Best practices for passing C strings

I do not often have to do serious character processing or C interop, but today I found myself needing both. I want to wrap a C function which takes a char* argument. I came up with a solution that appears to work, but I am not entirely pleased with it. I wonder if there are features of ISO_C_BINDING that I am missing, or if my approach could be made more robust.

Taking for example the C function

// hello.c
#include <stdio.h>
void hello(char *name) { 
    printf("Hello, %s\n!", name); 
}

I write a Fortran interface using ISO_BIND_C and define a subroutine that wraps the C function in such a way that I can pass in a Fortran character variable.

! wrap_hello.f90
module wrap_hello
  implicit none

  private
  public :: hello

  interface
    subroutine c_hello(name) bind(C, name="hello")
      use iso_c_binding, only: c_char
      character(kind=c_char), dimension(*) :: name
    end subroutine c_hello
  end interface

contains

  subroutine hello(name)
    use iso_c_binding, only: c_char, c_null_char
    character(len=*), intent(in) :: name

    character(kind=c_char), dimension(len(name)+1) :: c_name
    integer :: i
    
    do i = 1, len(name)
      c_name(i) = name(i:i)
    end do
    c_name(len(name)+1) = c_null_char

    call c_hello(c_name)
  end subroutine hello

end module wrap_hello

If I use this module in a test program

! test.f90
program test
  use wrap_hello, only: hello
  implicit none
  character(len=100) :: name
  read *, name
  call hello(trim(name))
end program

It appears to behave as expected. However, there are a few aspects of my implementation that I do not like:

  1. The conversion from Fortran character variable to C character array is clunky. I feel there must be a better way than explicitly looping and then tacking on a NUL.
  2. It assumes that assigning a default-kind character to a character(c_char) “just works”. In GCC (and probably most compilers), the default character kind and c_char coincide. Is that mandated by the standard, or am I asking for trouble?

Toward issue #2, when doing C-interop with numerical codes, I usually satisfy myself by doing explicit type conversions to make sure the kinds are exactly right on both the Fortran and C ends. But as far as I know, there’s no analogue for conversion of one character kind to another. Is this paranoia, or is it a real concern if robustness is a priority?

In playing around, I found that instead of having the local variable c_name, I can get away with just doing call c_hello(name//c_null_char), but that seems really fast and loose.
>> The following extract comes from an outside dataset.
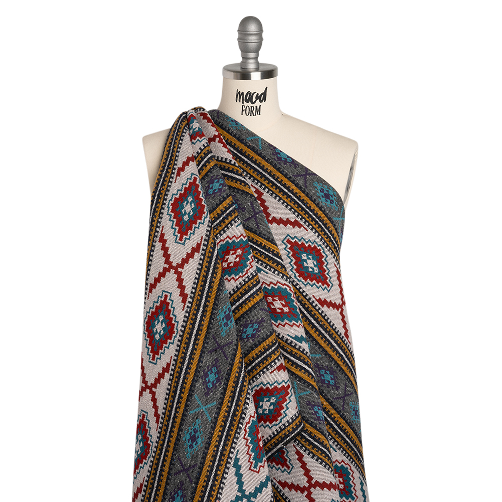 This Southwestern Geometric Striped Heavy Wool Blend Jacquard will keep you warm on your trailblazing adventures—featuring a coarse, tactile hand and structured drape.Suggested Projects: Coats, Jackets, Skirts, DressesContent: Wool, AcrylicStretch: NoneOpacity: OpaqueBrave the desert chill wrapped in this heavy wool blend Jacquard, where bold threads of turquoise, mustard yellow, red, white, purple, navy, and gray intertwine into a striking Southwestern geometric striped design. A tactile weave is joined by a structured drape and coarse hand, making this fabric perfect for autumn coats, structured jackets, ponchos, A-line skirts with pockets, button-up dresses, and more! Opaque, adding a lining will increase structure and add a luxurious finish.

It solves issue #1 at the cost of increasing my paranoia toward issue #2.

For completeness, I compiled the example with GCC 9.3 as

$ gcc-9 -c -Wall -Wextra -fsanitize=address -o hello.o hello.c
$ gfortran-9 -c -Wall -Wextra -std=f2018 -pedantic -fsanitize=address -fcheck=all -o hello_wrap.o hello_wrap.f90
$ gfortran-9 -c -Wall -Wextra -std=f2018 -pedantic -fsanitize=address -fcheck=all -o test.o test.f90
$ gfortran-9 -o test hello.o hello_wrap.o test.o -lasan
2 Likes

I’ve typically just gone with call c_hello(name//c_null_char). For the compilers I use (gfortran and ifort) it seems the default character kind and c_char are the same.
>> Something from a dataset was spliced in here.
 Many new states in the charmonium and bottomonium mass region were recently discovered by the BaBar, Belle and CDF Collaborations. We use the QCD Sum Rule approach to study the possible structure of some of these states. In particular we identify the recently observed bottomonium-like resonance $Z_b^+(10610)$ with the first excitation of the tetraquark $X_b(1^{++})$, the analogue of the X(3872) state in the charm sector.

An intrinsic function do to the Fortran to C character conversion routine is on the proposal list for Fortran 202X (see point US09). The actual proposal is here.

4 Likes

As far as I understand, it’s correct language use to pass a Fortran character string as an assumed-size character array actual argument. I do this in tcp-client-server. Walt Breinerd’s Guide to Fortran 2008 Programming also does this.

Out of curiosity I added the warning and conformance flags and it builds without warning. (gcc-9 has an issue with dns.c in libdill, so you need either gcc-8 or clang).

What does -fsanitize=address do? I can’t find any documentation for it.

Welcome @nshaffer,
in the gtk-fortran project, there is some functions to convert strings C<->Fortran. See for example the second half of this file:
https://github.com/vmagnin/gtk-fortran/blob/gtk4/src/gtk-sup.f90
But I am not the author of those functions and I don’t pretend to understand perfectly that code. And perhaps some clean-up should be done…

-fsanitize is explained here:

-fsanitize=address
Enable AddressSanitizer, a fast memory error detector. Memory access instructions are instrumented to detect out-of-bounds and use-after-free bugs.

Note: be careful when searching for options on the web. Don’t forget to remove the minus character or use double quotes (“-fsanitize”), else the search engine will filter out the pages with fsanitize… :woozy_face:

4 Likes

Thank you, this is exactly why I couldn’t find it. In my 20 years of Googling programming solutions I didn’t know about this “trick”. :slight_smile:

1 Like

I never knew you could do this - I usually have the clunky assignment loop.
ifort (19.1) compiles without complaint.

I think this excerpt from the F2018 interpretation document (18.3.5) might be the relevant explanation:

Fortran’s rules of sequence association (15.5.2.11) permit a character scalar actual argument to correspond to a dummy argument array. This makes it possible to argument associate a Fortran character string with a C string.

3 Likes

As noted, you can pass a character value of any length to an interoperable character array - this carve-out in the language is explicitly there for this situation. I would caution that you probably want trim(name)//c_null_char if you don’t want the trailing blanks.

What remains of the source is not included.